DATA LISTING Start Marker

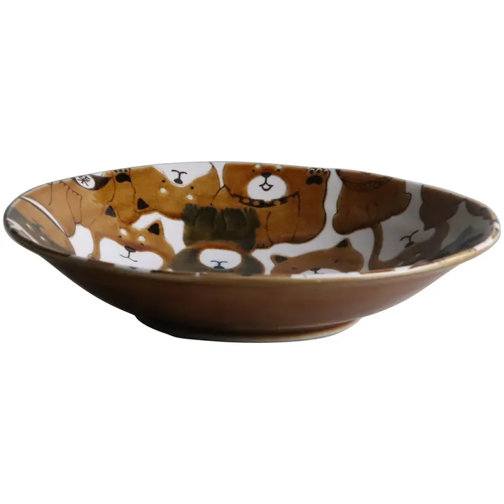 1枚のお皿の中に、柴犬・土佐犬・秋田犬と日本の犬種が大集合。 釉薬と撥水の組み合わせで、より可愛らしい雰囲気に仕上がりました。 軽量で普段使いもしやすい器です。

DATA LISTING End Marker
DATA LISTING Start Marker

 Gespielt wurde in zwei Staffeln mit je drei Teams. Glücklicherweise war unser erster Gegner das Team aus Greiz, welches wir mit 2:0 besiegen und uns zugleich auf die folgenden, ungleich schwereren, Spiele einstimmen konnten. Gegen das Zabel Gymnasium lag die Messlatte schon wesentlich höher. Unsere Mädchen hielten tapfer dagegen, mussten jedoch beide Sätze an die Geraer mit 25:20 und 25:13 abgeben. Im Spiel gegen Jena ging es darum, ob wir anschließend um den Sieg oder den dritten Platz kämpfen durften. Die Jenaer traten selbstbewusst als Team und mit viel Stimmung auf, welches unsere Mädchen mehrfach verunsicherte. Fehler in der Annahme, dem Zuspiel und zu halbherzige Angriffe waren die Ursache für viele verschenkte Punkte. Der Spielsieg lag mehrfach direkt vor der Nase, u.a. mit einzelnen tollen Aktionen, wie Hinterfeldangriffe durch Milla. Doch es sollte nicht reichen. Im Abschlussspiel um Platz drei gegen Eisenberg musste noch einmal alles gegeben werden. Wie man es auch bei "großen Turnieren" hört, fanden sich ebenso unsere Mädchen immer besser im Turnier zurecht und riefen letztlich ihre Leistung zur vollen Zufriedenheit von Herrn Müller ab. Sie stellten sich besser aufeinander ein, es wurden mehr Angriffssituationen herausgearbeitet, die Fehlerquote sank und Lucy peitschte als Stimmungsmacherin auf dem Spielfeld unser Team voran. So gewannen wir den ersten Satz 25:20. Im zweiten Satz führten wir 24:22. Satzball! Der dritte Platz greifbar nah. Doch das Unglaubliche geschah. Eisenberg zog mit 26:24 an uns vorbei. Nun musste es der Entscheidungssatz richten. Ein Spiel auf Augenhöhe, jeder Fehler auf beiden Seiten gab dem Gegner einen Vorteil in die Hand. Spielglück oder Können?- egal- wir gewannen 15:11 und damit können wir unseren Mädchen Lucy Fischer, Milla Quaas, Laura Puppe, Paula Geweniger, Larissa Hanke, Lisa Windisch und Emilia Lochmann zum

DATA LISTING End Marker
DATA LISTING Start Marker

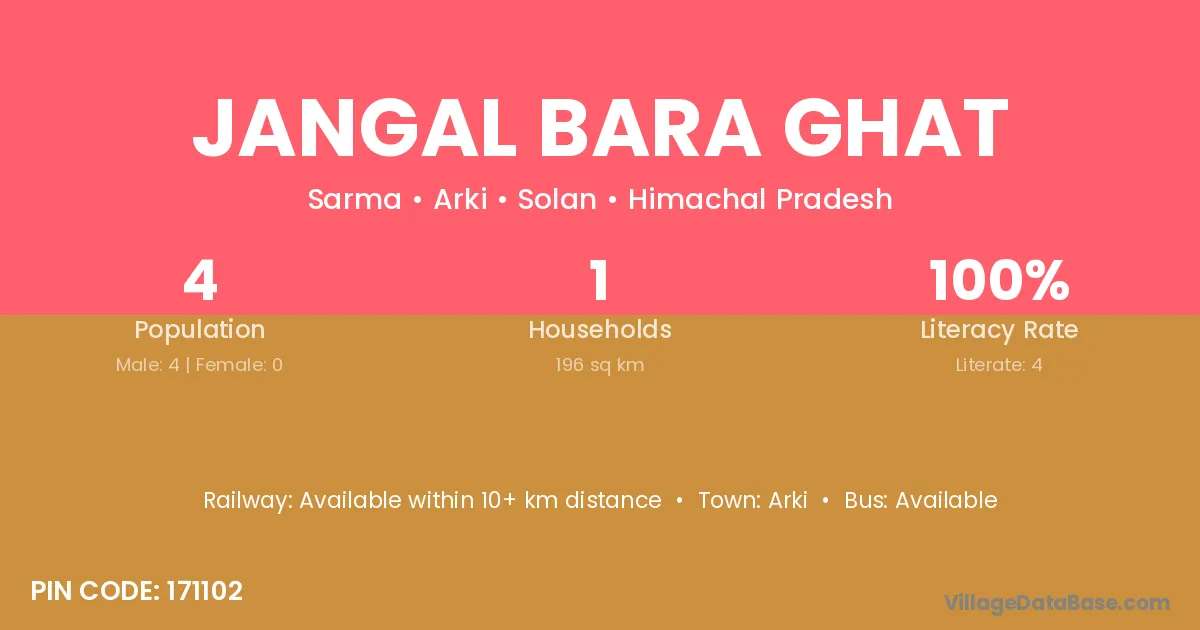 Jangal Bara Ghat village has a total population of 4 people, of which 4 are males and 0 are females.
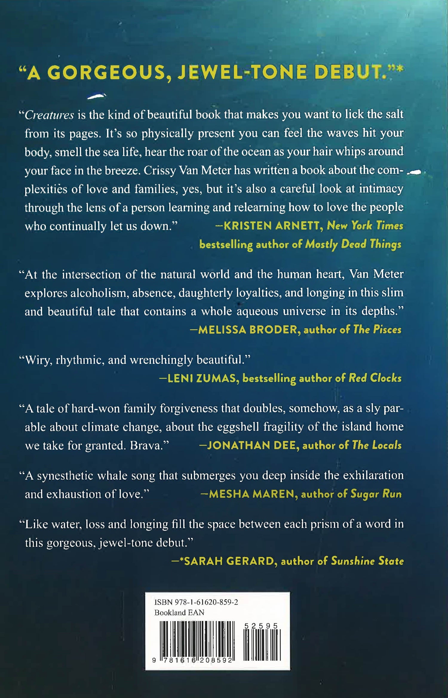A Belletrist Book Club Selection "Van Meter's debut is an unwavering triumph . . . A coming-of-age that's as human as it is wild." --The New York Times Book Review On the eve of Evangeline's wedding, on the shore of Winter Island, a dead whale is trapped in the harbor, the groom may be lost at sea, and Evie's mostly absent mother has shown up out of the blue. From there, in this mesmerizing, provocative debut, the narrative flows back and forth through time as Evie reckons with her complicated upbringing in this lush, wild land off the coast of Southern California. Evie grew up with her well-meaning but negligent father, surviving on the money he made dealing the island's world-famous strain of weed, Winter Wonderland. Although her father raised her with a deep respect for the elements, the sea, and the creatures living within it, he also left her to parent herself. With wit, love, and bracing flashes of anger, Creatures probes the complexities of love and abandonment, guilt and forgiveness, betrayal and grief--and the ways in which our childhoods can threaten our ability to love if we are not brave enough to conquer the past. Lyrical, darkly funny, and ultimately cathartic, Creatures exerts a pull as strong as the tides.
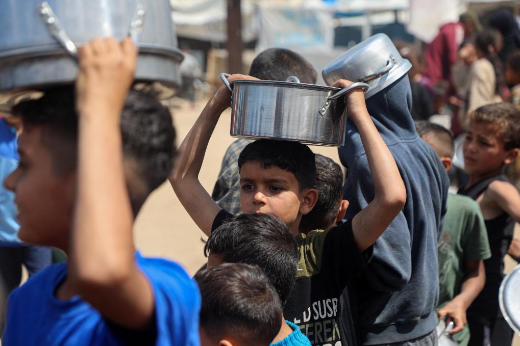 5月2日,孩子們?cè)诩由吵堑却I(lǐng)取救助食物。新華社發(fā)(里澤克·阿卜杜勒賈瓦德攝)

DATA LISTING End Marker

| TASK DESCRIPTION |
Above are the records; copy from them only the lines starting at the one containing "Jangal Bara Ghat" and ending at the one containing "5月2日,孩子們?cè)诩由", exactly and without pictures.

| WRITTEN RESPONSE |
 Jangal Bara Ghat village has a total population of 4 people, of which 4 are males and 0 are females.
A Belletrist Book Club Selection "Van Meter's debut is an unwavering triumph . . . A coming-of-age that's as human as it is wild." --The New York Times Book Review On the eve of Evangeline's wedding, on the shore of Winter Island, a dead whale is trapped in the harbor, the groom may be lost at sea, and Evie's mostly absent mother has shown up out of the blue. From there, in this mesmerizing, provocative debut, the narrative flows back and forth through time as Evie reckons with her complicated upbringing in this lush, wild land off the coast of Southern California. Evie grew up with her well-meaning but negligent father, surviving on the money he made dealing the island's world-famous strain of weed, Winter Wonderland. Although her father raised her with a deep respect for the elements, the sea, and the creatures living within it, he also left her to parent herself. With wit, love, and bracing flashes of anger, Creatures probes the complexities of love and abandonment, guilt and forgiveness, betrayal and grief--and the ways in which our childhoods can threaten our ability to love if we are not brave enough to conquer the past. Lyrical, darkly funny, and ultimately cathartic, Creatures exerts a pull as strong as the tides.
 5月2日,孩子們?cè)诩由吵堑却I(lǐng)取救助食物。新華社發(fā)(里澤克·阿卜杜勒賈瓦德攝)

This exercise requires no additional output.